Partie  I : les obligations du transporteur au départ
                       Du voyage maritime
 
 
Chapitre I : La prise en charge de la marchandise
                       
 
          Section I : la réception et la reconnaissance
                              De la marchandise
 
          Section II : la prise en charge proprement dite
                                De la marchandise
 
 
Chapitre II : la mise à bord ou le chargement
                          De la marchandise
 
 
Chapitre III : l’arrimage de la marchandise
 
 
Partie  II : les obligations du transporteur au cours
                     Du voyage maritime
 
 
Chapitre I : l’obligation du transporteur de prendre
                      La route à suivre (navigation en droiture)
 
Chapitre II : le déroutement
 
 
Chapitre III : la conservation de la marchandise
                         (Prendre soins à la marchandise)
 
Chapitre VI : le transbordement
                  
 
           
Partie  III : les obligations du transporteur à la fin
                       Du voyage maritime
 
 
Chapitre I : la ponctualité
                       
Chapitre II : le déchargement
 
          Section I : la mise sur terre-plein
 
           Section II : la mise dans les hangars
 
          Section III : la mise dans les magasins sous
                                Douane
 
Chapitre III : la livraison
 
        Section I : la notion de livraison
 
       Section II : les formalités de livraison
 
       Section III : la livraison à une entreprise
                              Monopolistique
 
      Section VI : les différents problèmes relatifs
                              A la livraison
 
 
 Conclusion
 

Introduction :
 
Le transport maritime joue un rôle de plus en plus important dans le développement des pays. Il constitue un facteur déterminant des structures de commerce et de production et, donc aussi de l’intégration économique.

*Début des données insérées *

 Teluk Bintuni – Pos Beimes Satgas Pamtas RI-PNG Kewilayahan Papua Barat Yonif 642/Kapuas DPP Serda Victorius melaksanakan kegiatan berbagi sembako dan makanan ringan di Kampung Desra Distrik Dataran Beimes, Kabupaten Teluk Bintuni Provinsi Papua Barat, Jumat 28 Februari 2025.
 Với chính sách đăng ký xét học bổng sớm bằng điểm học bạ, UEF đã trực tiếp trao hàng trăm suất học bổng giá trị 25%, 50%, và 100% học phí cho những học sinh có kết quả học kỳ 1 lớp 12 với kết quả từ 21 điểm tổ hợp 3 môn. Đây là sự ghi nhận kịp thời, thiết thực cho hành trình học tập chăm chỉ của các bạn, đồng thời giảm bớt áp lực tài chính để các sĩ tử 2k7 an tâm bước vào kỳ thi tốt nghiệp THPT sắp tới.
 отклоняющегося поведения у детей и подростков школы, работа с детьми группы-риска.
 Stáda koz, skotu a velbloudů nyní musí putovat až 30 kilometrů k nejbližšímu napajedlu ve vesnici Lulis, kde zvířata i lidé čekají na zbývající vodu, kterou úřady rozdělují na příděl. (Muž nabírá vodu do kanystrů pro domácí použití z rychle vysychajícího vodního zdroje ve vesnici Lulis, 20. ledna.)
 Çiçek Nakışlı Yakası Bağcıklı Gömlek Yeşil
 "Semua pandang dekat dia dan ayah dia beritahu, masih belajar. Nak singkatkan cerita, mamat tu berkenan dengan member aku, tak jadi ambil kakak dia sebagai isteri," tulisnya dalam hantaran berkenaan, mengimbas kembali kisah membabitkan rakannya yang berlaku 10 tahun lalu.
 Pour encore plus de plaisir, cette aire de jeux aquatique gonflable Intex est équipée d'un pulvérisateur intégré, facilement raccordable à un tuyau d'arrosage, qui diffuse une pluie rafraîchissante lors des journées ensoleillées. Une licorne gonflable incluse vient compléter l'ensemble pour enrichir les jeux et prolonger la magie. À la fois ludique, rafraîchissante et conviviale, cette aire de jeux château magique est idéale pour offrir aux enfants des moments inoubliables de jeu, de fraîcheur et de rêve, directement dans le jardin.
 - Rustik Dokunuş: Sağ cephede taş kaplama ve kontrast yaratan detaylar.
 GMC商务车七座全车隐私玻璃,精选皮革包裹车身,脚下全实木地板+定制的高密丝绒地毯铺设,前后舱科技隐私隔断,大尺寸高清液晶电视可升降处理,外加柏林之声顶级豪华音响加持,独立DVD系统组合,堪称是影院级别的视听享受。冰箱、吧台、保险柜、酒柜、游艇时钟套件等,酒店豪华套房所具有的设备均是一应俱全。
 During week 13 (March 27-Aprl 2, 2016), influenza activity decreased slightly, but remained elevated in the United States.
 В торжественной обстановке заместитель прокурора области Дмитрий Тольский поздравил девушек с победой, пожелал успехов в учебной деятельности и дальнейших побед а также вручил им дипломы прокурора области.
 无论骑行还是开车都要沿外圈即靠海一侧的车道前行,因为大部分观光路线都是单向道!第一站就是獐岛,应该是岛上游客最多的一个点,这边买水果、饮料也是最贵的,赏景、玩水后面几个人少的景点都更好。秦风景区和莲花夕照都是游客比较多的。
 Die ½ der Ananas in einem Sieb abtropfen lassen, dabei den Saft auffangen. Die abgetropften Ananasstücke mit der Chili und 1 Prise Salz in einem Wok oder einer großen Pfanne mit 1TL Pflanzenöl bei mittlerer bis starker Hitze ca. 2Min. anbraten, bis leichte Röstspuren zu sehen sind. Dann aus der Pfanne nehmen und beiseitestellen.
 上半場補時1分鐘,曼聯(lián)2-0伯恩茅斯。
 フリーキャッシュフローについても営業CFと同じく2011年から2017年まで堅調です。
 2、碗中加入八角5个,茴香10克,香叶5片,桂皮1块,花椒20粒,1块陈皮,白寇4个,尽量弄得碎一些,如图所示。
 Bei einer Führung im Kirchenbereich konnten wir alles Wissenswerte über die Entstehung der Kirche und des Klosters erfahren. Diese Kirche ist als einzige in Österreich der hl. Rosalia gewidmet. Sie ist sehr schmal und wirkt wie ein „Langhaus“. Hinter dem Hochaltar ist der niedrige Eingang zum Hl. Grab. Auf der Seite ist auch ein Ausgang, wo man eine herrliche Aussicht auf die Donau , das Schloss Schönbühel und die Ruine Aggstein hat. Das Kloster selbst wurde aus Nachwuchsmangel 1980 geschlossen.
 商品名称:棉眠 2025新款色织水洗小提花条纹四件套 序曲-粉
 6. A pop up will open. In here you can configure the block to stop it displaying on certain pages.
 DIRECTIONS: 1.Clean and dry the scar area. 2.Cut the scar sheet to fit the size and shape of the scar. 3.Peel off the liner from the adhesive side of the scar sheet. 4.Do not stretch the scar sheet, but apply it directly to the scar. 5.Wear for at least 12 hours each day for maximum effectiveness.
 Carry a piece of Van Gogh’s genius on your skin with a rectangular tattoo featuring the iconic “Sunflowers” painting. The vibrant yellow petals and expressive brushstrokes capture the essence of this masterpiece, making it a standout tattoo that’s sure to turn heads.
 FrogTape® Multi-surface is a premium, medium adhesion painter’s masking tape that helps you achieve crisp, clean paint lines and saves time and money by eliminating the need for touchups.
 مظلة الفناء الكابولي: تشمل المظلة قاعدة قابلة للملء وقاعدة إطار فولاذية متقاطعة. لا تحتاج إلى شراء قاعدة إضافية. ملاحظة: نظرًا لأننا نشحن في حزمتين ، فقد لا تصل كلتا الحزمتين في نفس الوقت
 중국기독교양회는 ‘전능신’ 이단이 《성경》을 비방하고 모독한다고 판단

Pour certains pays, il peut également constituer une source de revenus grâce à la fourniture de services de transport. 
Par ailleurs, la plupart des transports internationaux comprennent encore un parcours maritime, et les pays les plus industrialisés ont longtemps possédé d’importantes flottes nationales, avec des équipages nationaux et des navires construits dans des chantiers navals nationaux et battant pavillon national. Tous pour faire face à la mondialisation qui a fait du transport maritime une industrie extrêmement concurrentielle. 
Ainsi, les multiples enjeux du secteur du transport maritime vont impérativement pousser les compagnies maritimes et en l’occurrence les transporteurs de marchandises marocains à définir des stratégies adéquates de gestion de leurs risques
[1].
En fait, le transport mondial de Marchandises a connu un fort développement depuis l’introduction du conteneur standardisé dans les années cinquante. En effet, le taux de croissance en volume de l’industrie a été trois fois supérieur à celui de l’économie globale sur les 25 dernières années avec une croissance annuelle de 9,1% depuis 1980 et 11,1% depuis 2000 jusqu’à la fin de 2004. Deux facteurs y ont contribué : la croissance des échanges, notamment à destination et en provenance de Chine  ou d’Inde, a profondément soutenu la demande de transport maritime ;
Par ailleurs, de 1998 à 2004 la part du commerce extérieur (importations et exportations) rapportée au PIB a régulièrement dépassé la barre des 50%. Ceci est le résultat d’une volonté délibérée d’ouverture du pays au commerce international.
Locomotive indéniable de la croissance commerciale, le transport maritime s’impose  ainsi en tant qu’outil privilégié du développement du commerce international.
Le Maroc, de sa part, accorde une attention toute particulière aux activités maritimes en l’occurrence le transport. En effet,  les objectifs et les orientations de la politique actuelle visent la constitution d’une industrie de transport maritime efficace, concurrentielle et performante.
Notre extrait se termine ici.